The carbon dioxide still needs to be dealt with. In California, Heirloom works with CarbonCure, a company that mixes the gas into concrete, where it mineralizes and can no longer escape into the air. In future projects, Heirloom also plans to pump carbon dioxide into underground storage wells, burying it.
So they're using the "limestone -> quicklime -> slaked lime -> limestone" cycle. The kiln must be powered by renewables (otherwise the process is pointless), but it's a perfectly reasonable capture method.
Storage is slightly less straightforward. Concrete naturally absorbs carbon dioxide over decades, mixing carbon dioxide in during production is just accelerating the inevitable.

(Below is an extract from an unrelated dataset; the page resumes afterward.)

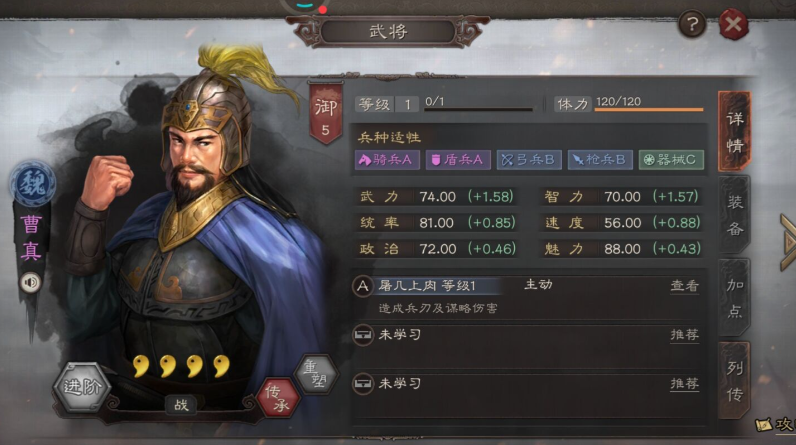 关于李典的培养,技能加点的优先级非常明确,应优先点满自带战法长者之风,以最大化团队增益。属性加点方面,主要推荐增加统率来提升防御,也可以部分增加智力以增强辅助效果的稳定性,在极早期开荒时临时加点武力帮助打地也是可行的,但进入游戏中期后建议重置回归防御向加点。他的兵种适应性盾兵为S级,器械为A级,这意味着他不仅是前期开荒队的成员,后期也可以作为攻城器械队的辅助人选。

Additionally, the reason concrete can absorb carbon dioxide is that cement contains quicklime, which is mainly produced by... you guessed it, heating limestone to release the carbon dioxide! The concrete won't absorb more carbon dioxide than was released during its production, so making excess concrete is not a solution to CO2 capture. However, if the concrete was going to be produced anyway (and we produce a lot), I suppose it's slightly better to have it absorb carbon dioxide sooner rather than later.
Pumping carbon dioxide into underground storage wells a more scalable solution, provided that the local geology (olivine?) can absorb the carbon dioxide.
An alternative not discussed in the article is to reduce the carbon dioxide into various feedstock chemicals that we currently derive from fossil fuels. Again, this would need to be powered by renewables otherwise the process is pointless.
You might want to read the article more carefully.
At the California plant, workers heat limestone to 1,650 degrees Fahrenheit in a kiln powered by renewable electricity.
Direct-air carbon capture has its fair share of problems to overcome before it can become a practical solution, but any such process must obviously be powered by renewables. To do otherwise would be pointless.